Domenico Pratico, M.D., and his team have shown that lipoxygenase occurs abundantly throughout the brain, and that levels rise with age. They have also determined that individuals with Alzheimer's disease and mild cognitive impairment (MCI) tend to have higher levels than those with no impairment. In work with mice genetically engineered to produce human beta-amyloid, they have shown that shutting down the gene coding the lipoxygenase "blueprint" reduces the amount of beta-amyloid the animals produce as they grow older.

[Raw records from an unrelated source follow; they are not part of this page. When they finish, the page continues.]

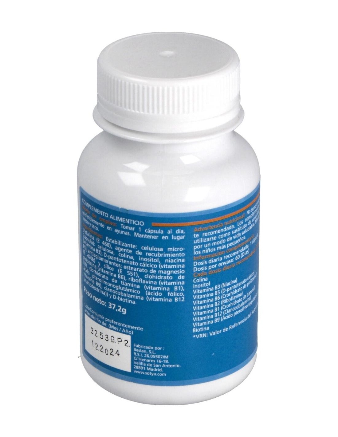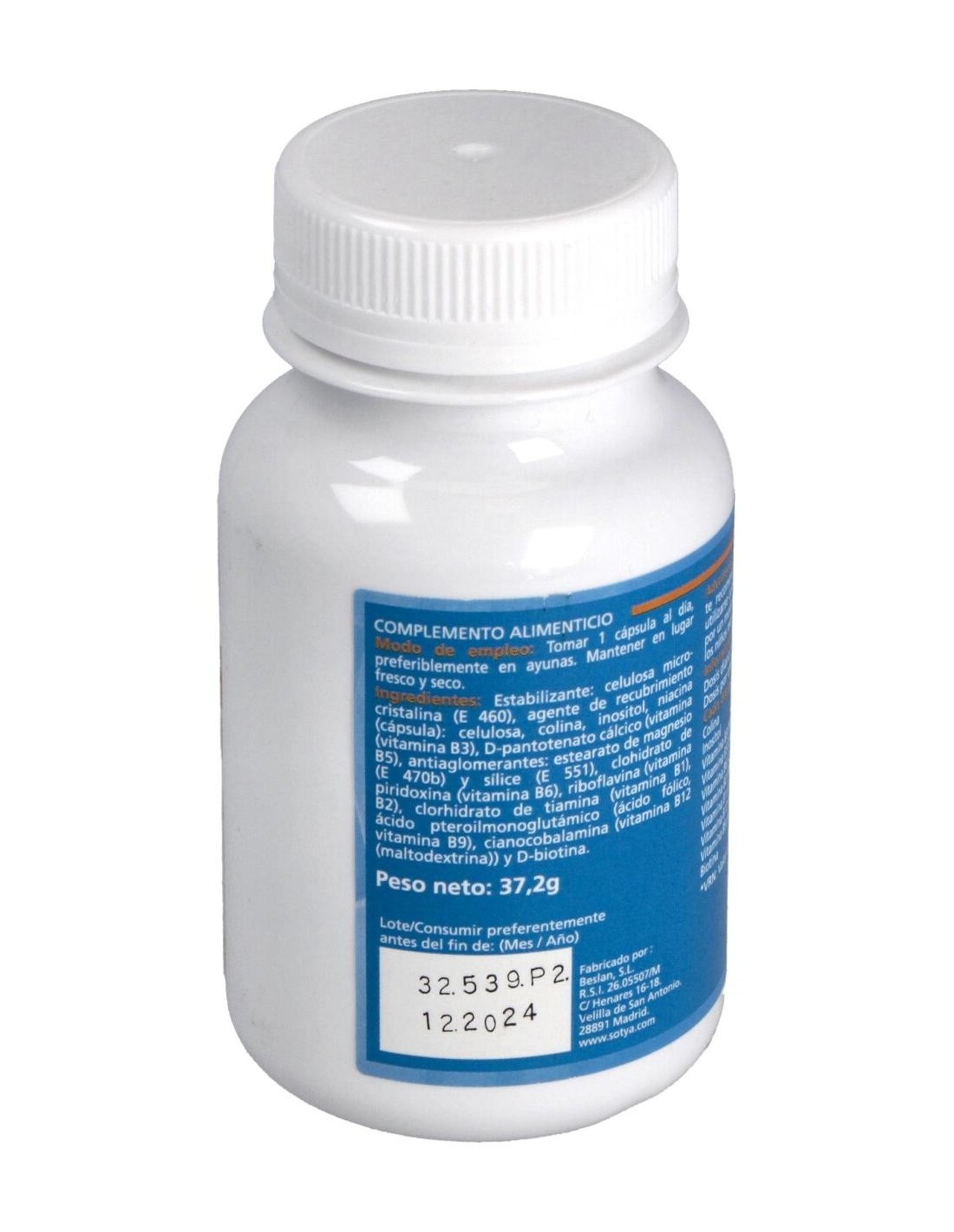 Cada cápsula contiene levadura de cerveza (370mg), colina (50mg), inositol (50mg), vitamina B3 (18mg), vitamina B5 (6mg), vitamina B6 (2mg), vitamina B2 (1.6mg), vitamina B1 (1.4mg), vitamina B9 (0.2mg), vitamina B12 (0.001mg), biotina (0.00015mg). Una cápsula aporta el 100% de la CDR de todas las vitaminas del complejo B.
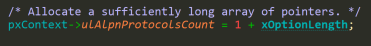 The problem is that the ppcAlpnProtocols pointer array is not cleaned up (memset to 0) after allocation, which means it will contain data from previous allocations on the heap.
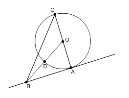 Since m<ABC = 55 and m<BAO = 90, then ABC is a right triangle whose angle measures sum to 180, m<BCO = 35.
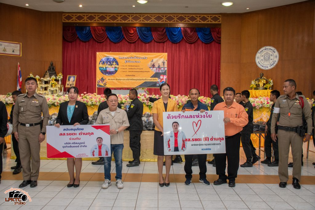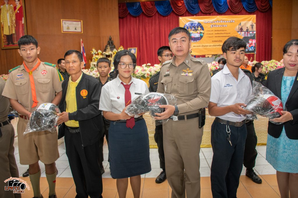 ก่อนเสร็จสิ้นการอบรมได้มอบหมวกกันน็อคและเสื้อให้ผู้เข้ารับการอบรมเพื่อการขับขี่ที่ถูกต้องตามกฎหมาย
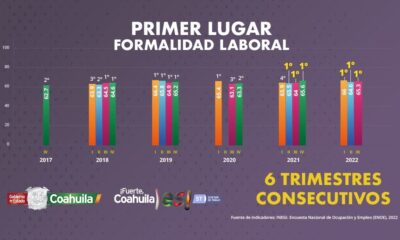 Coahuila continúa como líder nacional en formalidad laboral, con el 65.3 por ciento de los trabajadores coahuilenses trabajando en un empleo formal que le asegura las...
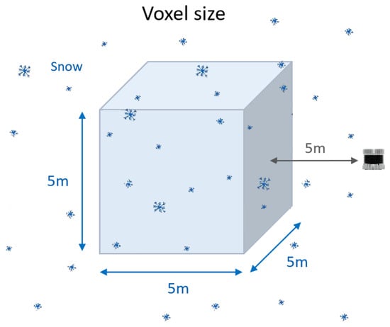Voxel size for extracting snow points. Snow particle extraction was performed on a single 5 × 5 × 5 m voxel.
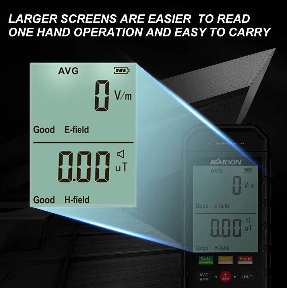 Radiation assessment function, which can indicating if current radiation value is at safety level, three color light indicating the current magnetic field states: safe, alart, avoid, and if the electric field data over the safety state, the screen will become red to alarm you.
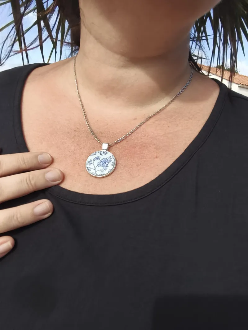 Chainette en métal argenté. Médaillon avec incrustation de porcelaine. Motif floral.
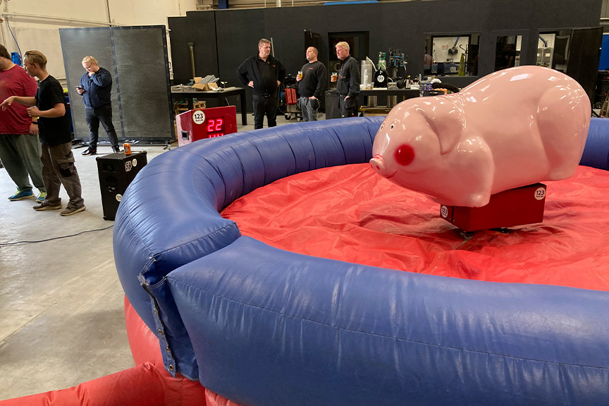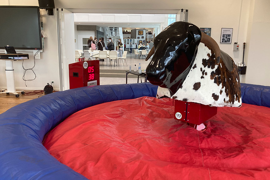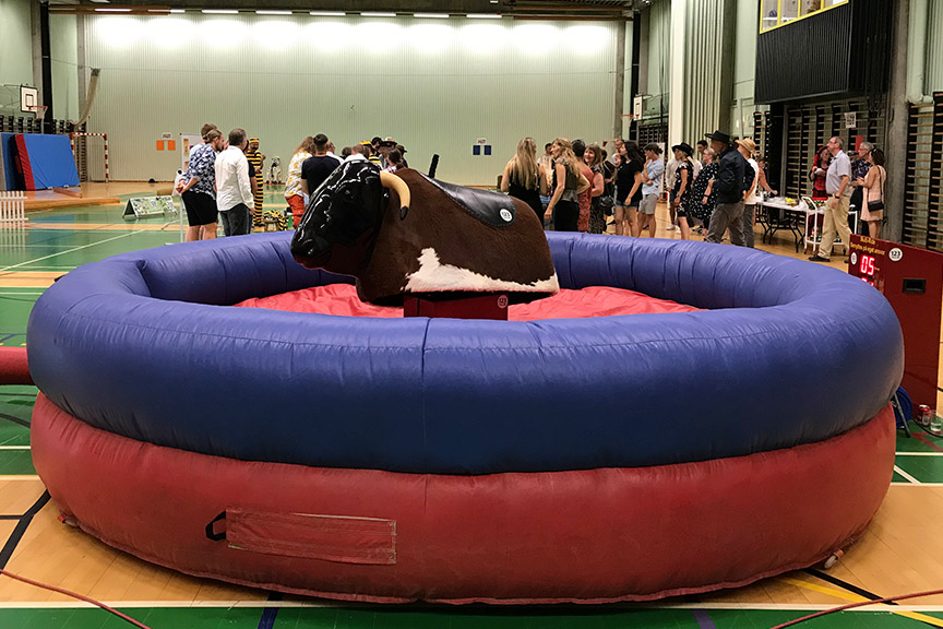 Den klassiske rodeotyr er simpelthen bare sjov! Vi har nye maskiner med stærkere motor, som gør turen sjovere og mere sikker – og så kan vi med vores model styre tyren helt manuelt, hvilket gør at vi kan lave unikke ture, så ALLE kan prøve!
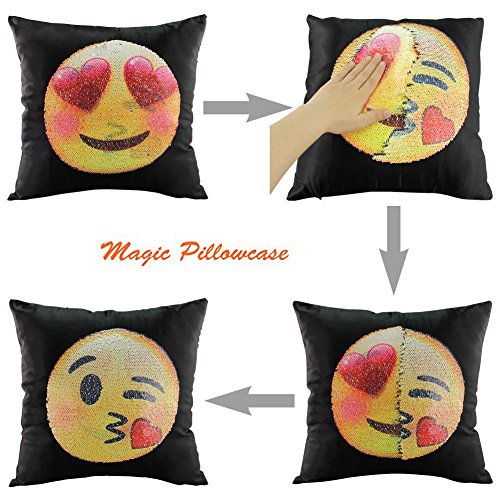 Studio : SNUG STAR Publisher : SNUG STAR Product Description SNUG STAR devote ourselves to creating fashion and practical products, with high quality and good service providing a good experience for the customers. If you have any problem,you can contact our customer service,we support return and exchange items. SNUG STAR Changeable Face Emoji Decorative Pillow Case Throw Cushion Covers for Sofa ,Home Decor Parameter: Material: cotton and 10% sequins Size: 40CM * 40CM/16 * 16 inches Closure: Hidden Zip The pattern is on the only one side Package Content:1Pcs of Pillowcase (no inner) Features: Good Sliding Sequins Making the emoji Pillow Case is Easy to Changing Different Faces. Shining Satin Fabric Bring the Emoji Pillowcase More Cute And Beautiful. It's Comfortable and beautiful For Sofa,Car,Bed,Hotel and Home Decoration. Note: 1.There may be some color differences due to lighting and different monitors 2.Please allow 1-2cm size error because of manual measurement. 3.Please hand wash. Reminder: when you buy a pillow cover, don't use the same size pillow insert; that will usually end up looking limp and sad. Size up!

In this project, Practico and colleagues propose further work in custom-designed laboratory cell cultures to determine the exact mechanisms by which lipoxygenase appears to influence beta-amyloid production in the Alzheimer-like mice. They will focus on how chemical pathways involving lipoxygenase may interact with steps in processing of amyloid precursor protein (APP) by the enzymes alpha-, beta-, and gamma-secretase. APP is beta-amyloid's parent molecule.
Confirming and elucidating these interactions could establish lipoxygenase as a potential new therapeutic target in Alzheimer's disease. Drugs that block the activity of lipoxygenase are a recent important addition to asthma treatment options. If the enzyme could be validated as a viable Alzheimer target, drug development could build on and benefit from the known track record of lipoxygenase-blocking asthma treatments.